### Task objective:
For the entries below, copy exactly the line that contains "- With a system" through the line that contains "COTTON DENIM SHIRT", both ends included, and exclude all pictures.

### Stored items from a collection:
-*-

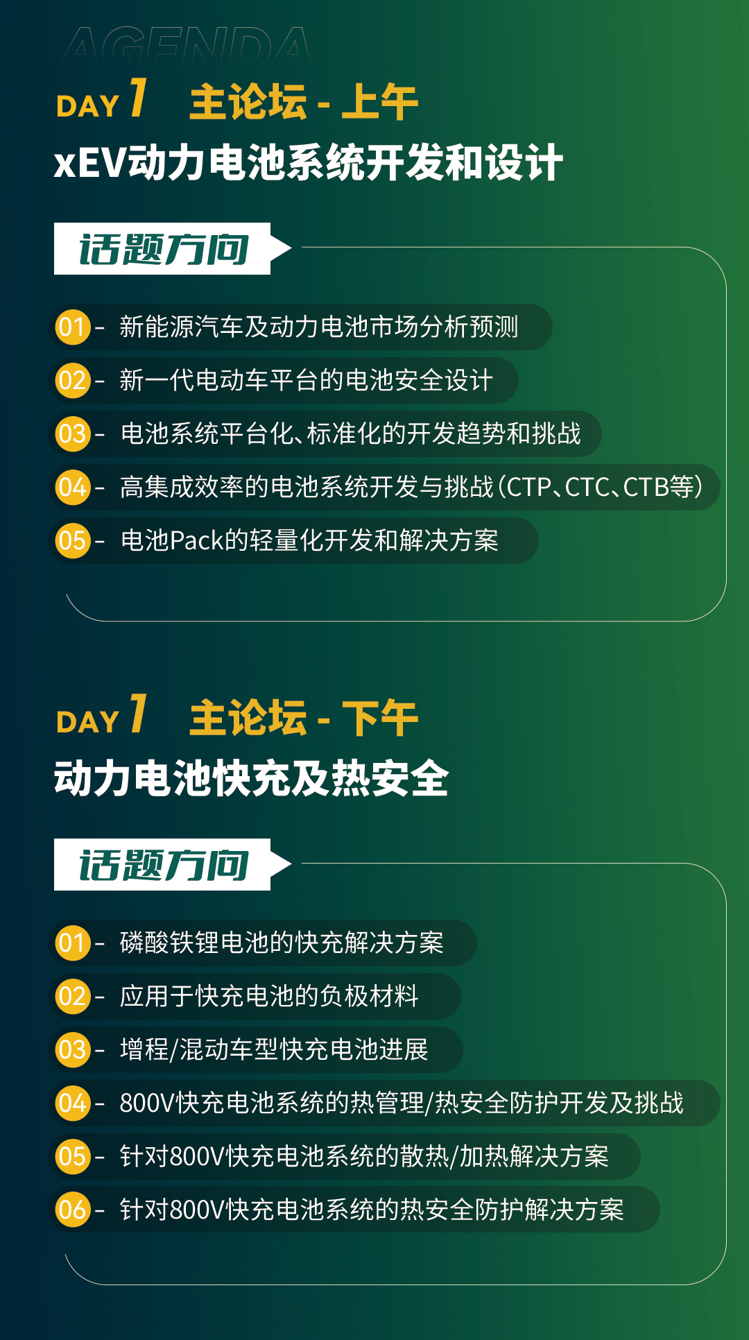 > > > > > >为期两天的论坛将深度聚焦新能源动力市场电池及发展趋势与政策分析。>聚焦动力电池快充及热安全,涵盖磷酸铁锂电池的快充解决方案,应用于快充电池的负极材料,以及针对800V快充电池系统的散热/加热和热安全防护解决方案。>
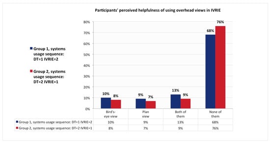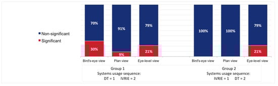 - With a system usage sequence of IVRIE to DT, the percentage of participants with a significant difference between their perceived and actual use of the eye-level views when designing in the DT system was 58% higher than among the participants with the opposite order of systems use.
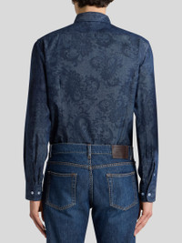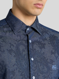 COTTON DENIM SHIRT WITH LEAFY PAISLEY MOTIF AND PEGASO
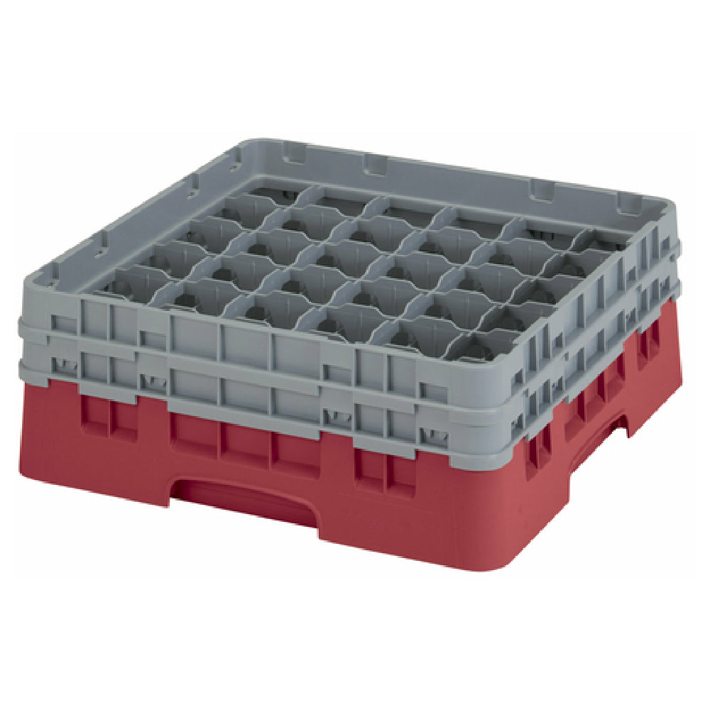 The Cambro 36S434416 Camrack® Glass Rack with (2) Soft Gray Extenders Full Size is meticulously engineered to enhance glass handling and storage efficiency. Designed with a low profile, this full-size rack features dimensions of 19-3/4" x 19-3/4" x 7-1/4", making it a compact yet spacious solution for commercial kitchens and catering environments. It boasts 36 compartments, each accommodating a maximum diameter of 2-7/8" and a height of up to 5-1/4", providing tailored storage for a variety of glassware sizes. The inclusion of (2) soft gray extenders allows for increased height adaptability while maintaining the structural integrity of the rack. Crafted in a striking cranberry color, this rack is both HACCP compliant and NSF certified, ensuring adherence to rigorous health and safety standards. The Cambro 36S434416 is ideal for operators within the hospitality and food service sectors seeking reliable, durable, and hygienic glass rack solutions, offering unmatched practicality and peace of mind in glass transportation and washing processes.
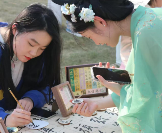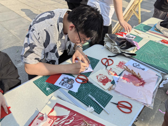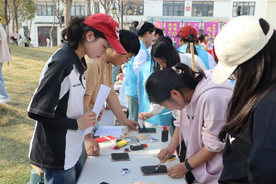 活动现场还同步开放了DIY手作、植物拓染、艾草香囊制作、剪纸艺术、活字印刷、3D打印展示等创意互动体验区以及摄影、书法、凤画、动漫作品展,吸引了众多学子驻足参与。

-*-

### Exercise result:
 - With a system usage sequence of IVRIE to DT, the percentage of participants with a significant difference between their perceived and actual use of the eye-level views when designing in the DT system was 58% higher than among the participants with the opposite order of systems use.
 COTTON DENIM SHIRT WITH LEAFY PAISLEY MOTIF AND PEGASO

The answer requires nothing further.